Retype each line of the data below exactly, beginning with the first and ending with the one that contains "4月19日,在2025北京亦". Pictures do not belong in the copy.

Top of Records for processing

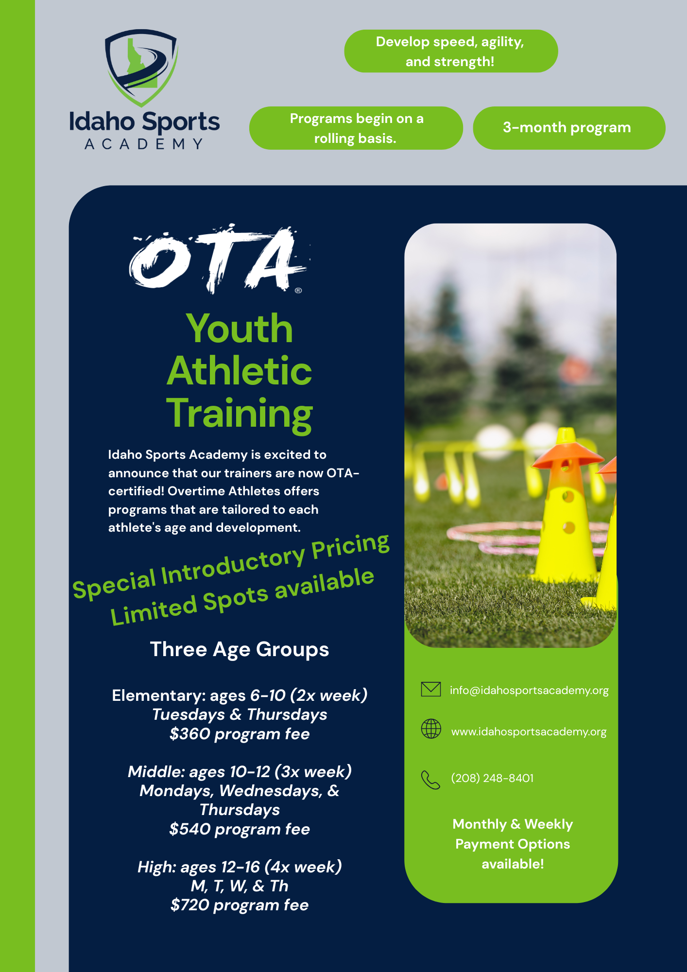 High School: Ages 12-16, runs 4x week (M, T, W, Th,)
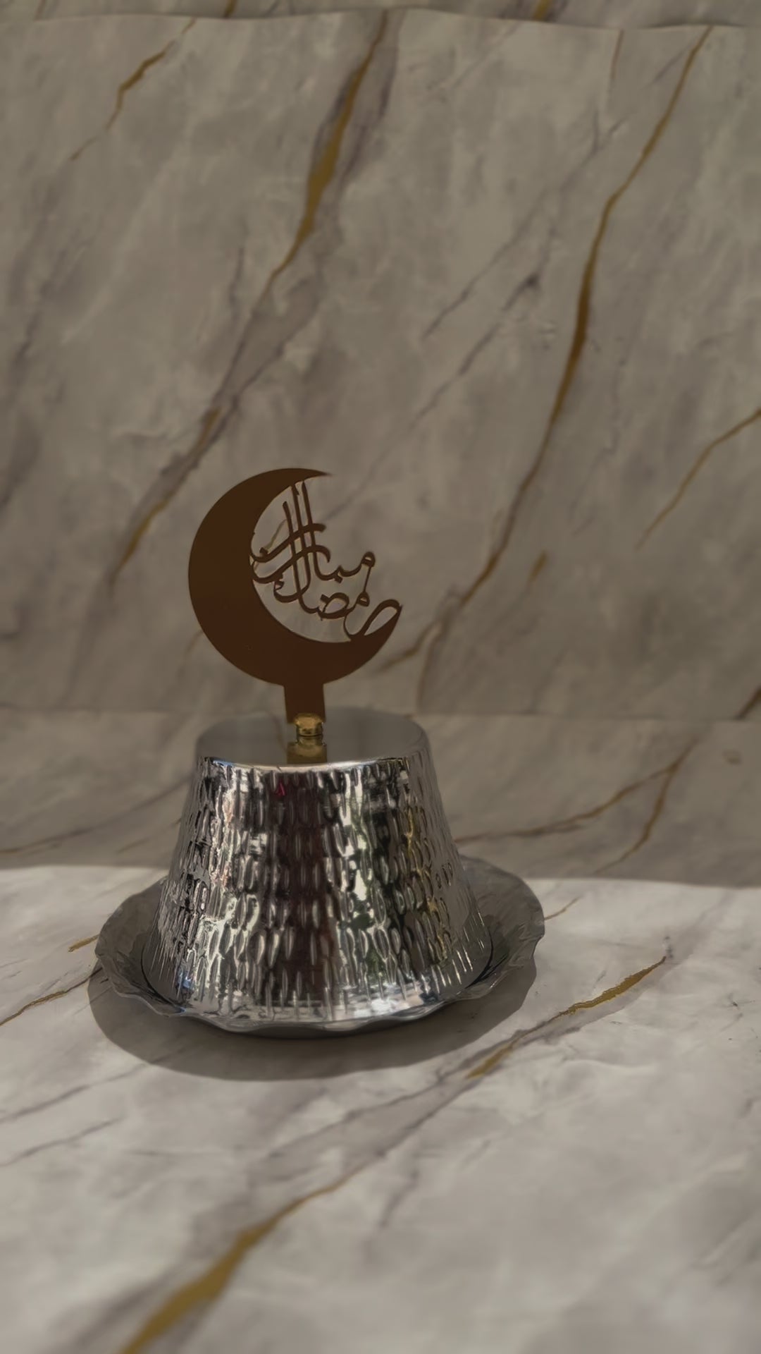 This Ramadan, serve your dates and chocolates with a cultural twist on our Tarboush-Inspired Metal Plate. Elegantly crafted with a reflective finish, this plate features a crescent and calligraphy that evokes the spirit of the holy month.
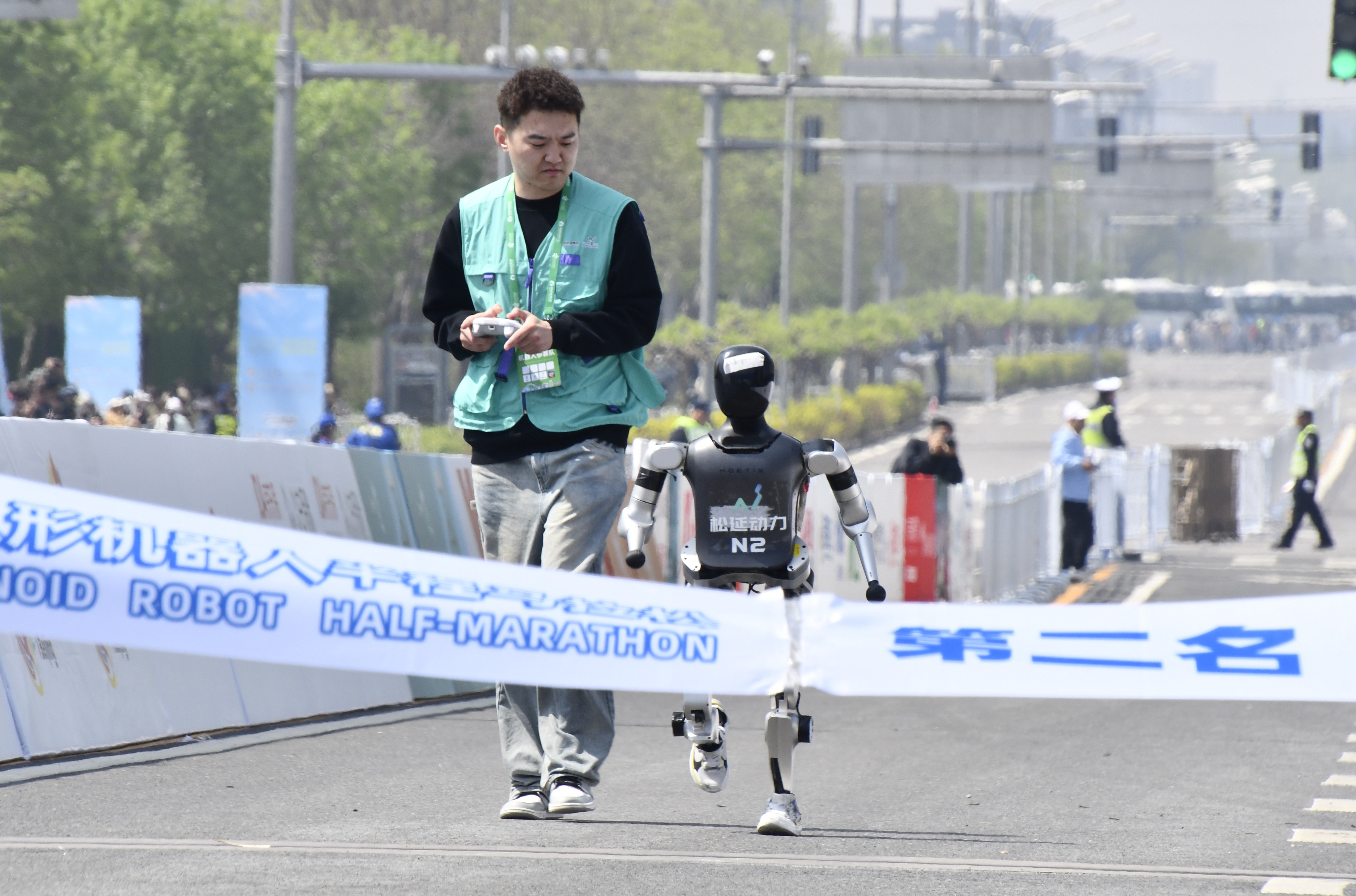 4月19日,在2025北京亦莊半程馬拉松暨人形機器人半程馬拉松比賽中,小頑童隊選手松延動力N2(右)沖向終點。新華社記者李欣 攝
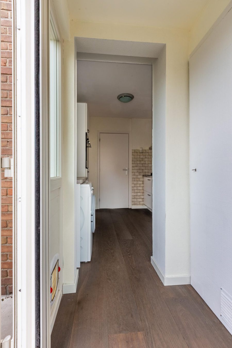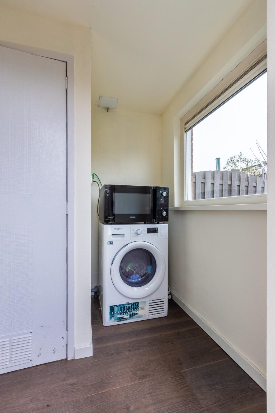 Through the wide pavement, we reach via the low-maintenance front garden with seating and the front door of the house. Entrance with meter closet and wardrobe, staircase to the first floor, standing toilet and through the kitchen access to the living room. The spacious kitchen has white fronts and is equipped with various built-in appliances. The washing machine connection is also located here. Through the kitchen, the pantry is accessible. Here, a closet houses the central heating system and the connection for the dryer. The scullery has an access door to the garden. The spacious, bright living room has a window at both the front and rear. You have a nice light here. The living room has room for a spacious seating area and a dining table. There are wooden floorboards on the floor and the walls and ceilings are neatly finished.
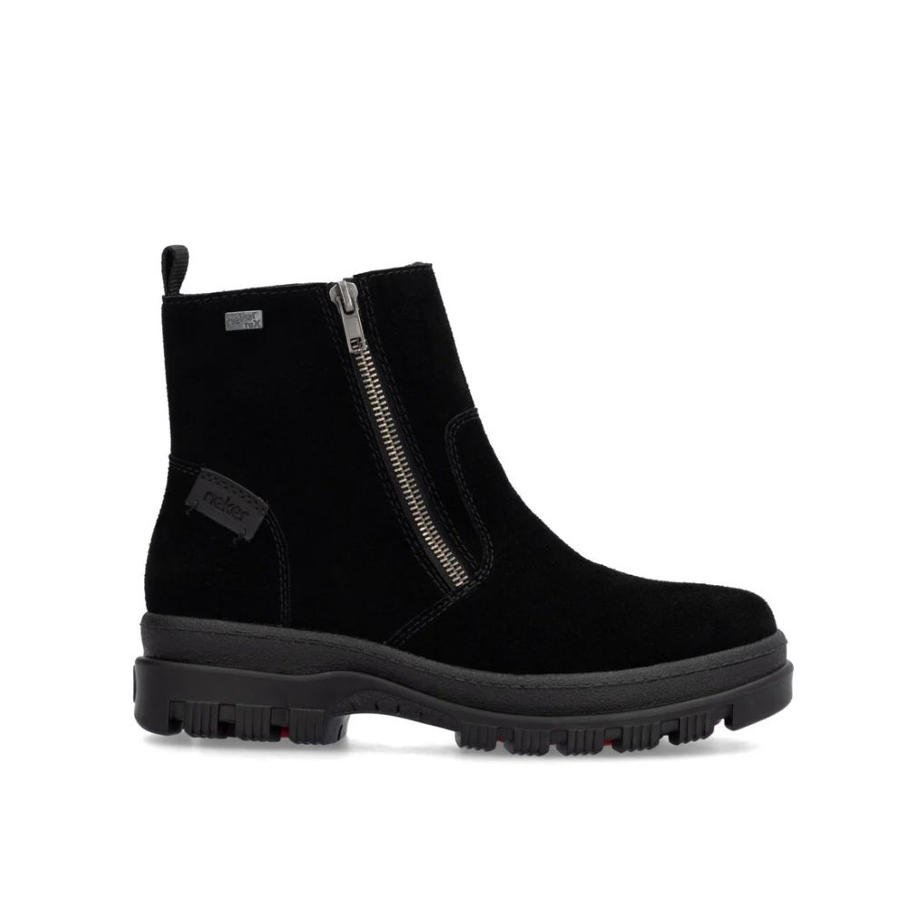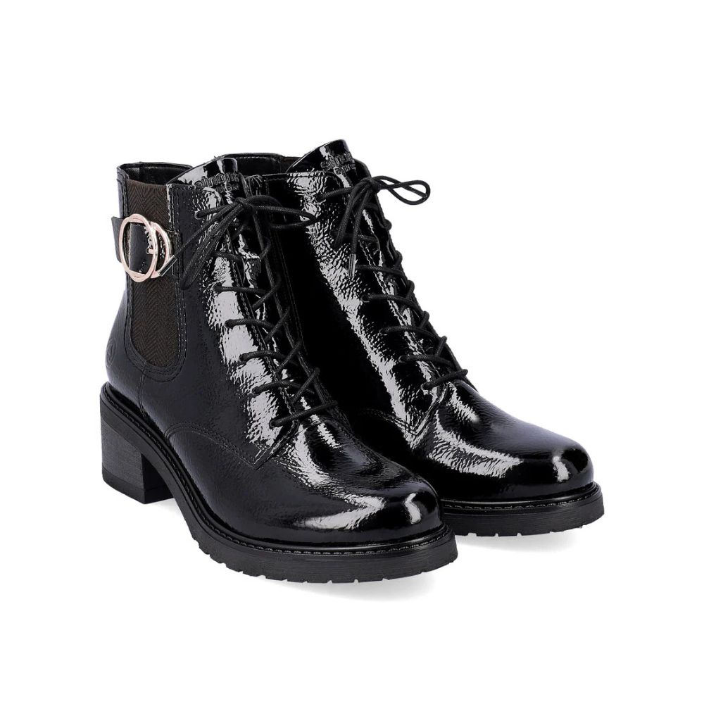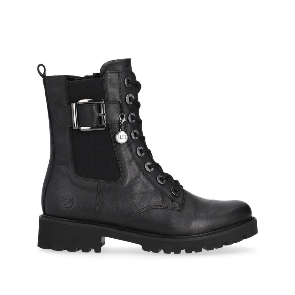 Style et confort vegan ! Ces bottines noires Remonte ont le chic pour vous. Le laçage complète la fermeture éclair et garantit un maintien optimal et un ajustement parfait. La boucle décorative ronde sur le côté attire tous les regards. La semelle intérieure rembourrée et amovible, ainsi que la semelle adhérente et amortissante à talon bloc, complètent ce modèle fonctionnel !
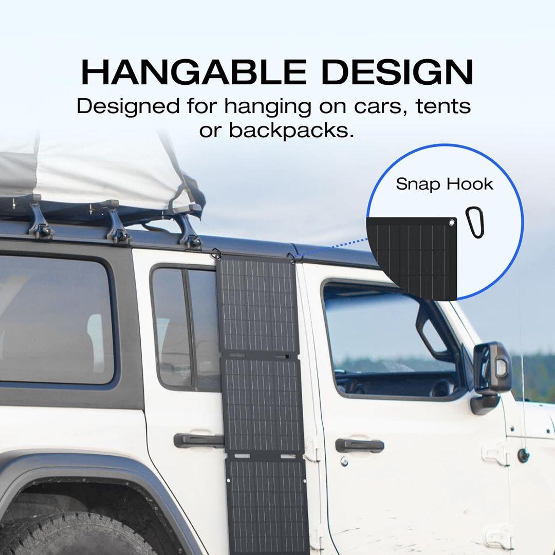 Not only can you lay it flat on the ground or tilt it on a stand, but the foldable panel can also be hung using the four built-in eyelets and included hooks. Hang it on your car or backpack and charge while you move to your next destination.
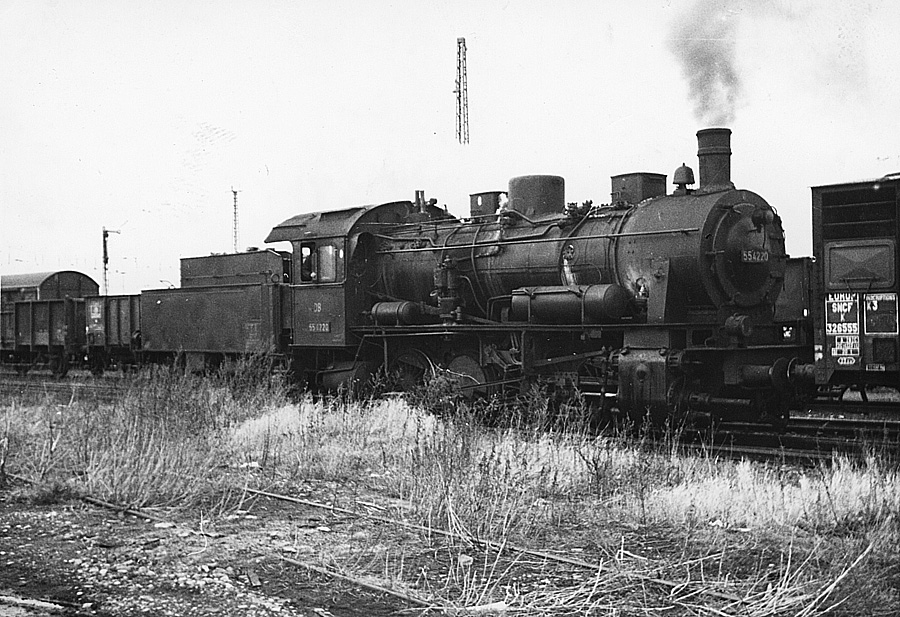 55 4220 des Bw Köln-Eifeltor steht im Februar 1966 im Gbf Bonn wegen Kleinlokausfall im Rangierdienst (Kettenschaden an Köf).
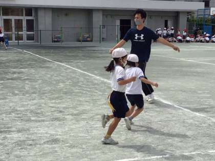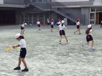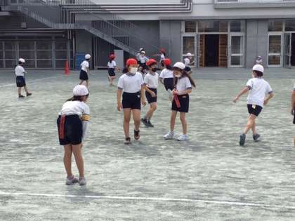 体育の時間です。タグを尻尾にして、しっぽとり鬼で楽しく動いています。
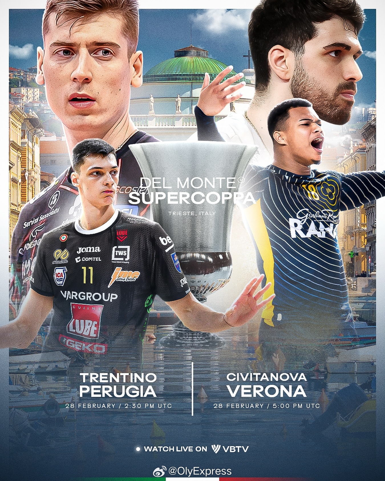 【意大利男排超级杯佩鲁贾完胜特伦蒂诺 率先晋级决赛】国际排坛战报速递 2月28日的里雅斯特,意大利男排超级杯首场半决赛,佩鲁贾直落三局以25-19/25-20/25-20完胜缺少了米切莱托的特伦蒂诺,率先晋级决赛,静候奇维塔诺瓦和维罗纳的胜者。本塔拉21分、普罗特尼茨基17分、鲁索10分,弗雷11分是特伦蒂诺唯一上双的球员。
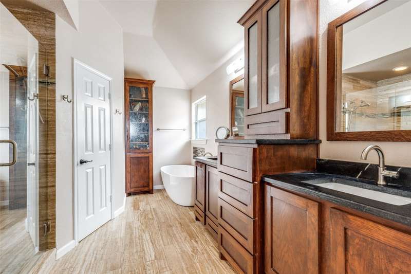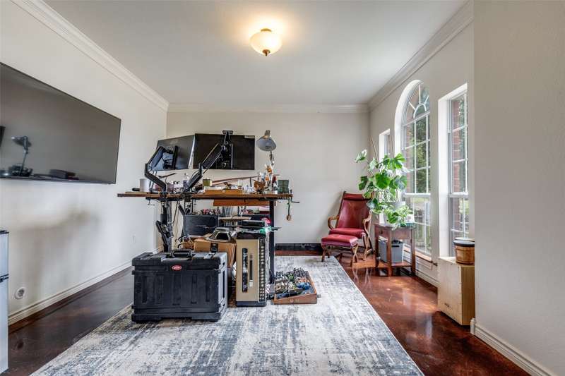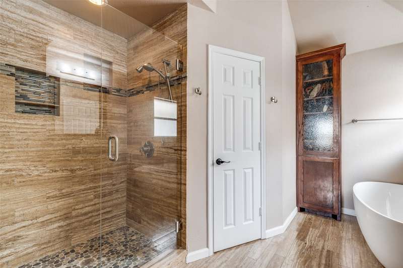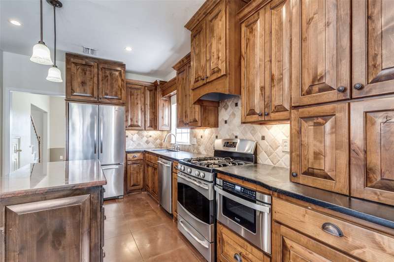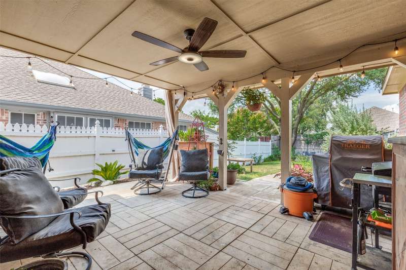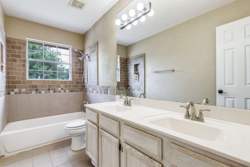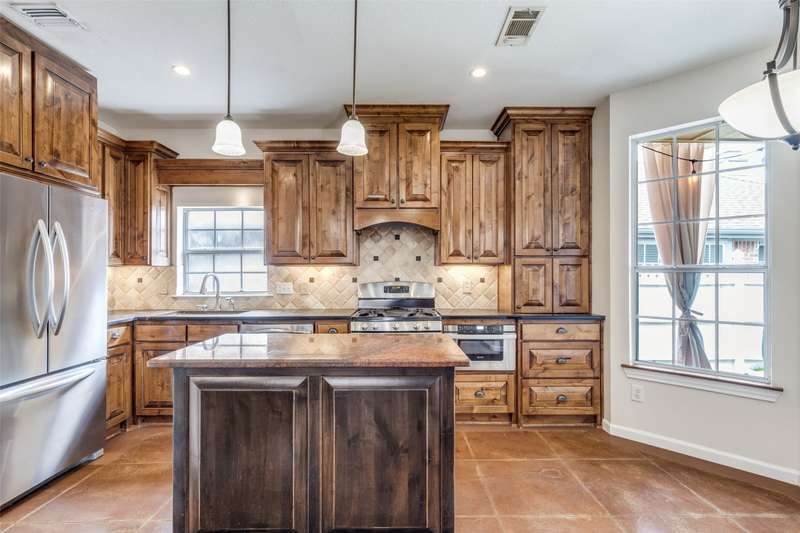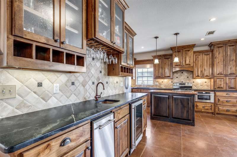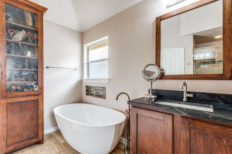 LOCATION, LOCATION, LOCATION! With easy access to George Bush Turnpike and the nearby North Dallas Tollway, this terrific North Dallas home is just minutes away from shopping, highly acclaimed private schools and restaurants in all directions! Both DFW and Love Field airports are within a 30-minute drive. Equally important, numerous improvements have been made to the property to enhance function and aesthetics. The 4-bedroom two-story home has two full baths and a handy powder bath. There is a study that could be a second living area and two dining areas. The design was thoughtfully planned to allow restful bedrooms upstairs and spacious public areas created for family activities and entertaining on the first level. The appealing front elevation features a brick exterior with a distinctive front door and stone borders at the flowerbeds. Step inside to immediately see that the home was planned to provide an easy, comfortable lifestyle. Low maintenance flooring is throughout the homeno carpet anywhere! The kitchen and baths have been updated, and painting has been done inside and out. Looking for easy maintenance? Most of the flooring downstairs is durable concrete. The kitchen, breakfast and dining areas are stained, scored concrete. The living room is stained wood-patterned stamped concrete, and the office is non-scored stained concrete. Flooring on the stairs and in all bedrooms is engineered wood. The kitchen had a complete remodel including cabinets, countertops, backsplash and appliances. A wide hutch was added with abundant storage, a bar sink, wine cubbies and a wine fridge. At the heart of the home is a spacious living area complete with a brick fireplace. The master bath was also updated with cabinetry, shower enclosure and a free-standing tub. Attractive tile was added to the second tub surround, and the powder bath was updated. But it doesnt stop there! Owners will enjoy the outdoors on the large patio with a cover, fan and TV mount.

Bottom of Records for processing

> Task output
 High School: Ages 12-16, runs 4x week (M, T, W, Th,)
 This Ramadan, serve your dates and chocolates with a cultural twist on our Tarboush-Inspired Metal Plate. Elegantly crafted with a reflective finish, this plate features a crescent and calligraphy that evokes the spirit of the holy month.
 4月19日,在2025北京亦莊半程馬拉松暨人形機器人半程馬拉松比賽中,小頑童隊選手松延動力N2(右)沖向終點。新華社記者李欣 攝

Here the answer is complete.